What I pushed over to heavy:
- IDE’s and heavy editors (XCode, VSCode, JetBrains, etc)
- Web and Database servers
- Executing parallel builds and test suites
- memory-heavy resident and background apps
- Electron-heavy apps that have a decent web or native alternative (Slack, Dropbox)
- Chrome
Habits that matter:
- Accept that this machine rewards focus more than sprawl
- Keep fewer browser tabs, fewer apps running
- Quit what you’re not using — on a 32GB+ machine you can get sloppy; on 8GB it sneaks up on you
- Prefer tools that do work and exit over tools that sit in the background being ready
- Prefer tools that compile down to native and avoid cross-platform wrapper layers when possible
Note
The constraints are real. 8GB isn’t generous. If you mind what you’re using and how you use it, for the remote-control use case, you can keep performance snappy.
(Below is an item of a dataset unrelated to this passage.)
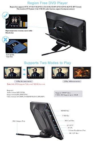 -. Title : Headrest DVD Player YUNSHANGAUTO 10.1 Inch HD 1080P 30Fps Digital TFT LCD Screen touch button Car Monitor with HDMI Port and Remote Control Support CPRM

Apple undersold the interesting part
Apple sold affordability and approachability. The more interesting story is that the Neo fits an AI-era workflow unusually well.
We’re in an early period where computers are increasingly able to do meaningful knowledge work with AI for us while we’re not at our desk. That makes “small, light, always with you, connected” more valuable. The Neo optimizes for exactly that profile. Apple’s framing, “beginner’s Mac” and “entry-level laptop,” doesn’t really capture it. The Neo isn’t just a lesser Mac for light users. For AI power users that set up their tools deliberately, it’s the ideal Mac to act as a remote control surface, and take with you anywhere.
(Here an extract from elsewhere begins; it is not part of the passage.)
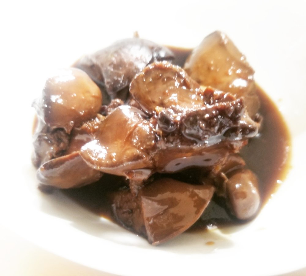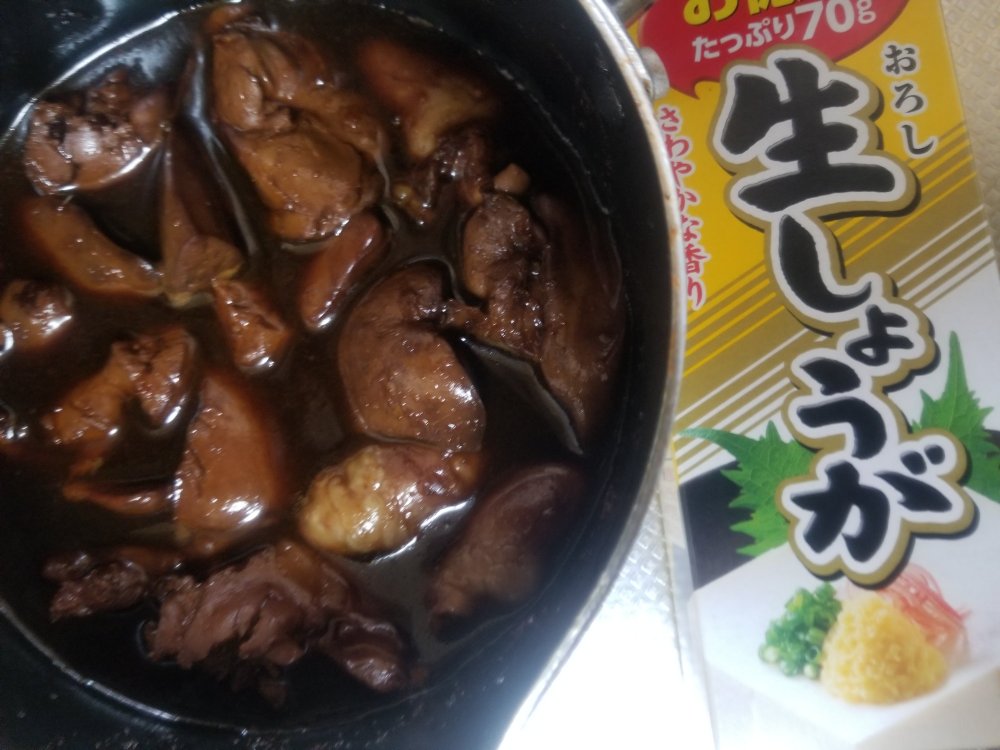 今回はモニタープレゼントの「ハウスおろし生しょうが」を使って、鶏レバーのウスターソース煮を作ってみました。

What I would want in the next Neo
It is not all rainbows though. After carrying one around for a month, I have wishes for what would make this an even better go-everywhere laptop.
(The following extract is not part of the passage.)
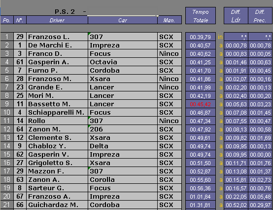 Mentre non giungono nuove a questa redazione, vogio spendere due parole sulla modalità di esecuzione delle prove speciali. Al fine di ottimizzare i tempi delle gare, i piloti vengono dividi in gruppi di 4, che rispecchiano la classifica del campionato. I primi 4 piloti percorrono la prima speciale e poi passano alla seconda, il secondo gruppo parte dalla prima e così via fino al termine delle 3 prove speciali, dove si fa il riordino e stilando la classifica provvisoria. In base a quest'ultima si formano i gruppi da 4 piloti e si riparte per altre tre prove speciali.

The reflective/glossy screen is the Neo’s worst feature for a go-anywhere machine. A matte option, please.
Cellular support would further enable the remote-control story. An always-connected Neo that doesn’t need my iPhone hotspot would close the last gap in the “pull it out anywhere, steer heavy, put it away” loop. A laptop-sized antenna would hopefully do better than an iPhone hotspot for locations with more spotty network connectivity.
A more aggressive low-memory mode in macOS would help too. The OS knows this machine has 8GB; more optimizations and options for choosing not to enable certain system features would be welcome. Right now, macOS grabs about 6GB of the 8GB on the machine just to run the operating system, and it starts to swap if you load it past 8GB. If I recall correctly, some Linux systems with GUI’s are closer to 1GB of operating system memory usage. Surely there is some gap to close here.
The rumor mill says the next Neo may get a RAM bump. That would smooth out some rough edges, but the bigger point is not raw power. The point is that the laptop in my bag no longer needs to be the machine that does everything. It needs to be light, cheap enough to bring everywhere, connected, and good at steering work already in motion.
It’s kind of already there, which is what surprised me the most … back on that couch during piano lessons … I kicked off Claude and Codex on some work, and edited this blog entry. When it was time to go, I shut the lid without a second thought, knowing that the agents I kicked off elsewhere would keep working. It was nice.